Странно признаться, но дружить по большому счету Саше было не с кем. Она с детства казалась слишком серьезной, слишком правильной, что отталкивало от нее одноклассников, а когда переросла дворовые прыгалки и догонялки, растеряла и тех немногих приятельниц, с которыми связывали детские секреты и увлечения. На работе Сашу окружали в основном люди гораздо старше ее, кроме разве что разномастных представителей богемы — артистов, певцов, музыкантов. Но дружить с ними — увольте! Высокомерная публика, завистливая, готовая на все ради сиюминутного успеха.
Посоветоваться хотелось с Никитой, но он уехал в командировку и пропал, телефон его был вне зоны действия сети. Кто остался? Быстрова? Ну, уж дудки! Идти на поклон к этой гордячке? Да лучше в прорубь с головой!
Но окунаться в прорубь даже в жару не хотелось. «Думай, дуреха, думай! — злилась Саша. — В конце концов, это твои родственники. У тебя больше шансов разобраться в происходящем».
Она еще не осознала, готова ли принять к сведению тайное прошлое деда, но мысль, что ушлая Быстрова обойдет ее на финише, была просто невыносима. В конце концов, это ведь ее жизнь, ее семья и ее история! Жажда деятельности распирала изнутри. Не в силах больше выносить безделье, Саша вскочила с места и заметалась по квартире.
Она заново вывернула прямо на пол содержимое шкафов, перетрясла каждую тряпочку из гардероба, вытащила из стеллажа все книги и придирчиво осмотрела растерзанное чучело глухаря. Теперь, когда она почти допускала, что дед был не столь невинным и порядочным, как представлялось раньше, очень многие вещи виделись совсем иначе.

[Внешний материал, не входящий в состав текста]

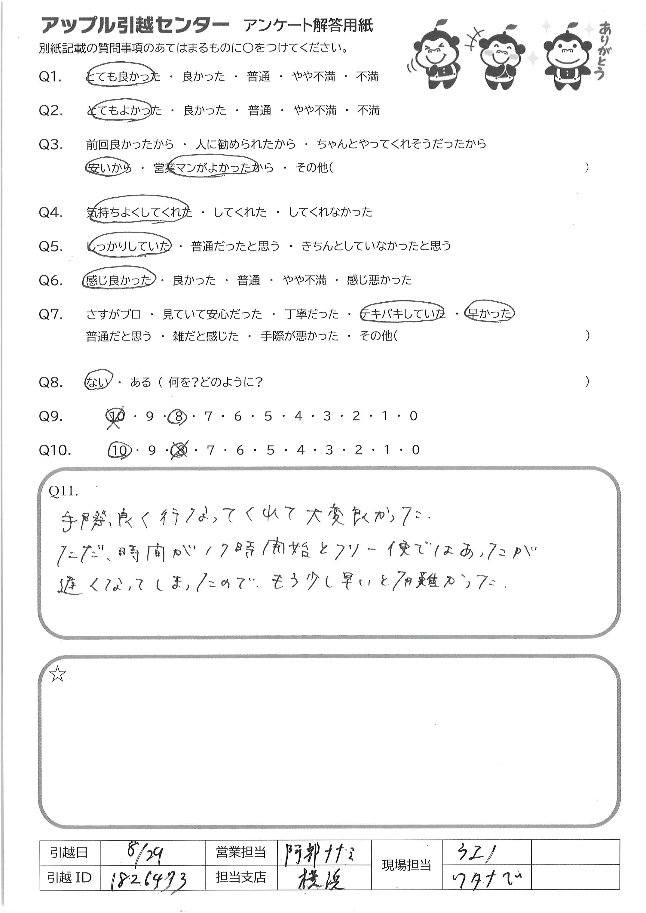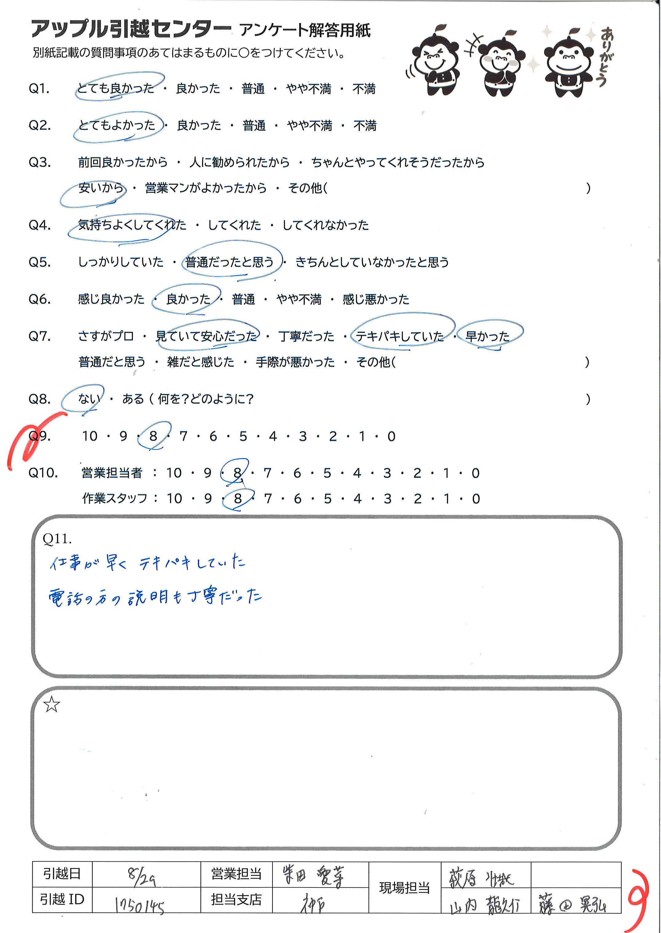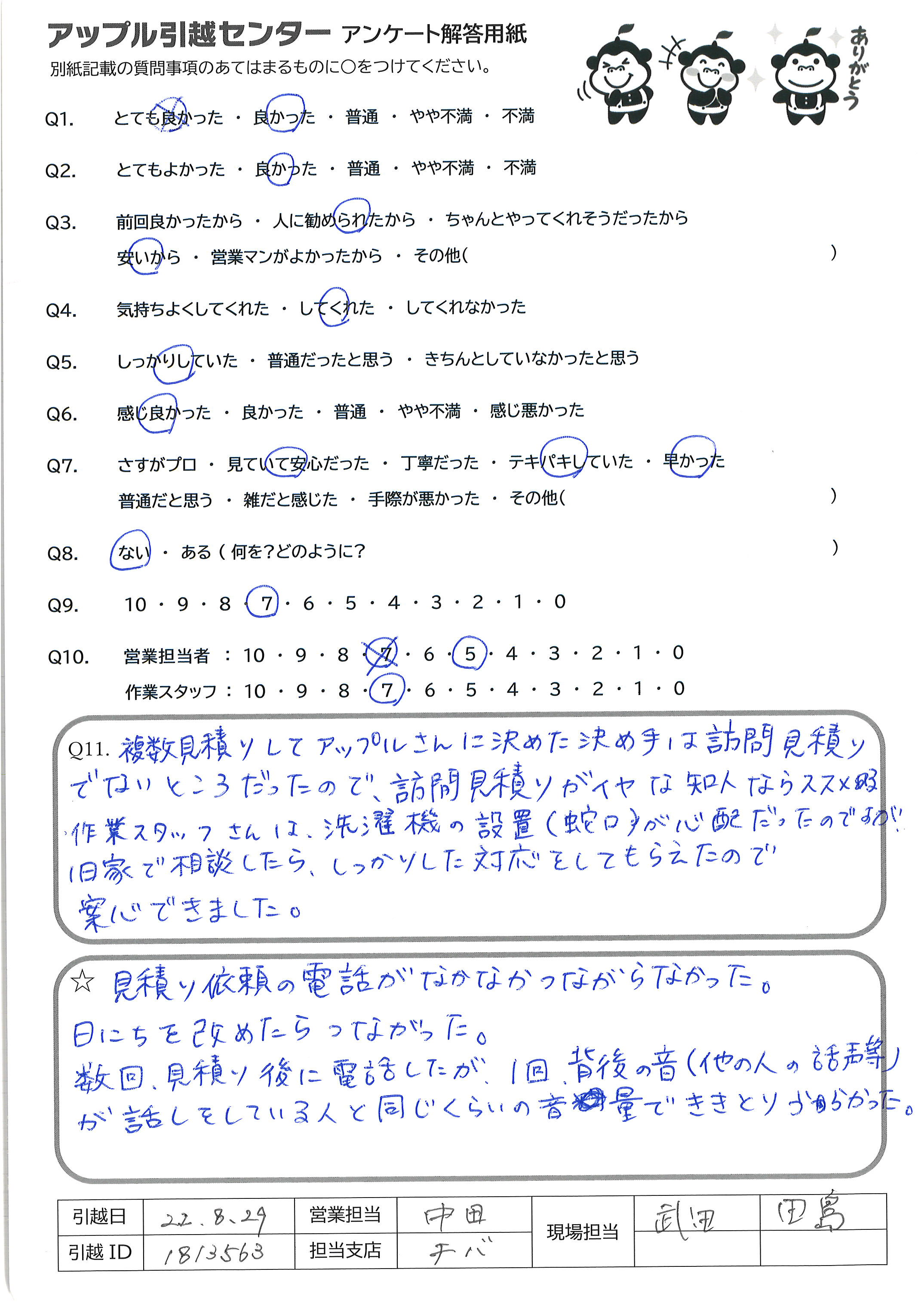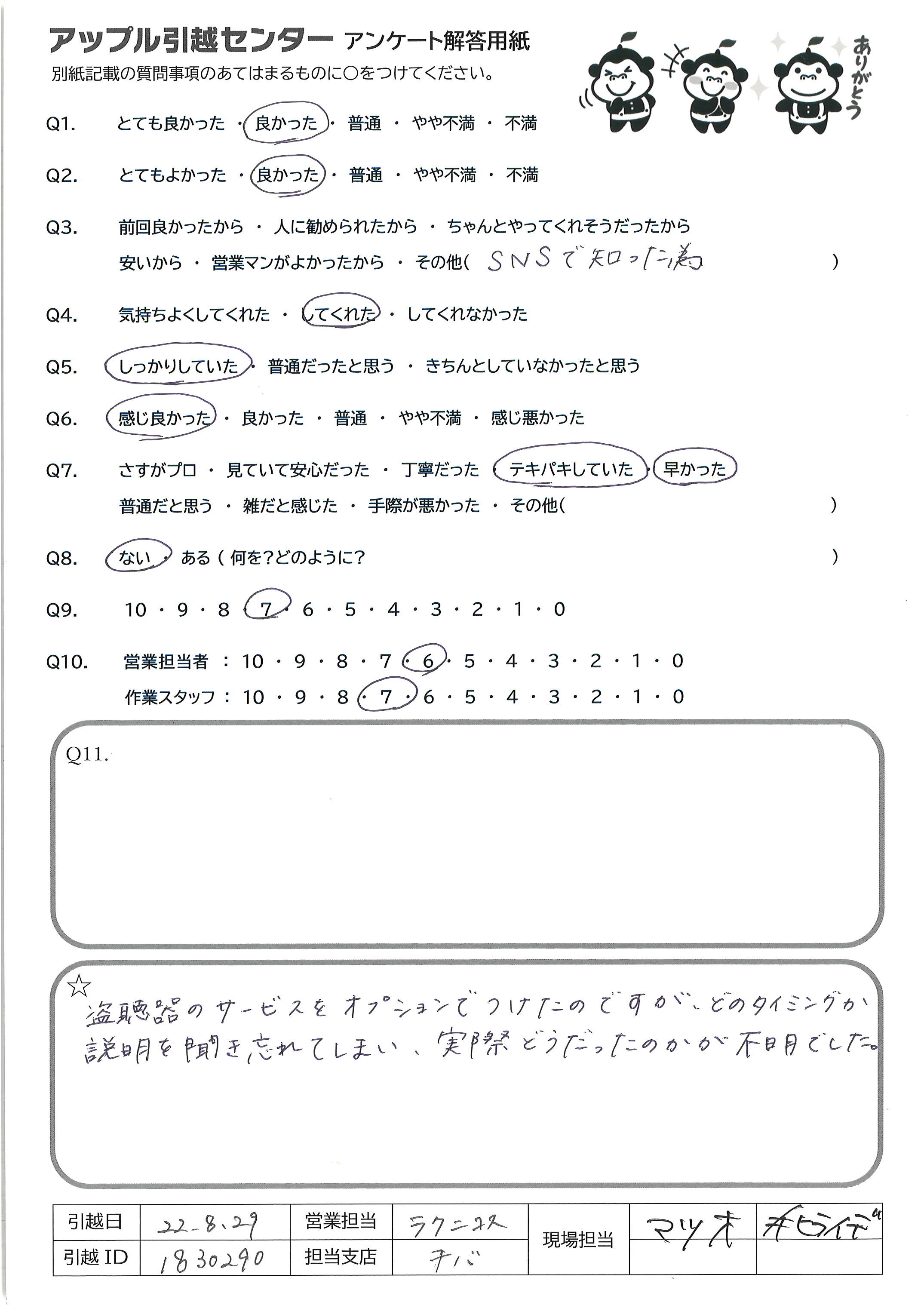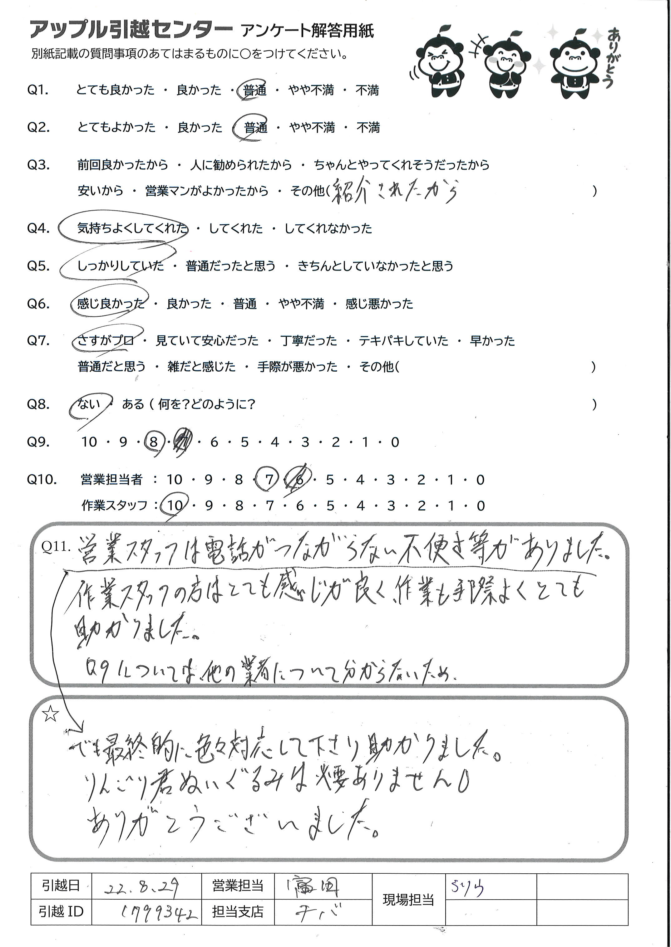 A.営業スタッフは電話がつながらない不便さ等がありました でも、最終的に色々対応して下さり、助かりました りんごり君ぬいぐるみは必要ありません。 ありがとうございました 作業スタッフの方はとても感じが良く、作業も手際よくとても 助かりました。 Q9について他の業者について分からないため

Во-первых, библиотека, нетронутая неизвестными грабителями. «Домашний лечебник» Ганемана, украденный Соколовым, был отнюдь не единственным ценным изданием. По большому счету практически вся дедова библиотека представляла собрание редких изданий, продажа которых потянула бы как минимум на небольшой особняк где-нибудь на Рублевке. Прежде Саша не задумывалась об их ценности, но ведь и в советские времена существовали страстные библиофилы, готовые платить за старые книги немалые деньги. И дед явно был из их числа.
Во-вторых, все картины были подлинниками, с подписями художников, среди которых были не только местные знаменитости, но и довольно известные мастера кисти из России и бывших советских республик. Насколько она понимала, это тоже стоило немалых денег.
В-третьих, три бабушкины шубы — из чернобурки, каракуля и песца. Куплены они были, вероятно, еще до Сашиного рождения, давно подъедены молью и упакованы в мешки с нафталином. Странно, что бабушка не вывезла их на дачу или попросту не выбросила. Саша подумала, что никогда не видела бабушку в шубе. Та всегда носила демисезонное пальто. Решив проверить догадку, Саша развернула и примерила шубы. Пропахшие нафталином одеяния, с которых тут же посыпался мех, были ей слегка великоваты, а бабушка после родов несколько располнела. По всему выходило, что шубы она носила в молодости, а потом убрала за ненадобностью в шкаф. Но в те времена далеко не каждая женщина могла позволить себе натуральную шубу.
Ознакомительная версия.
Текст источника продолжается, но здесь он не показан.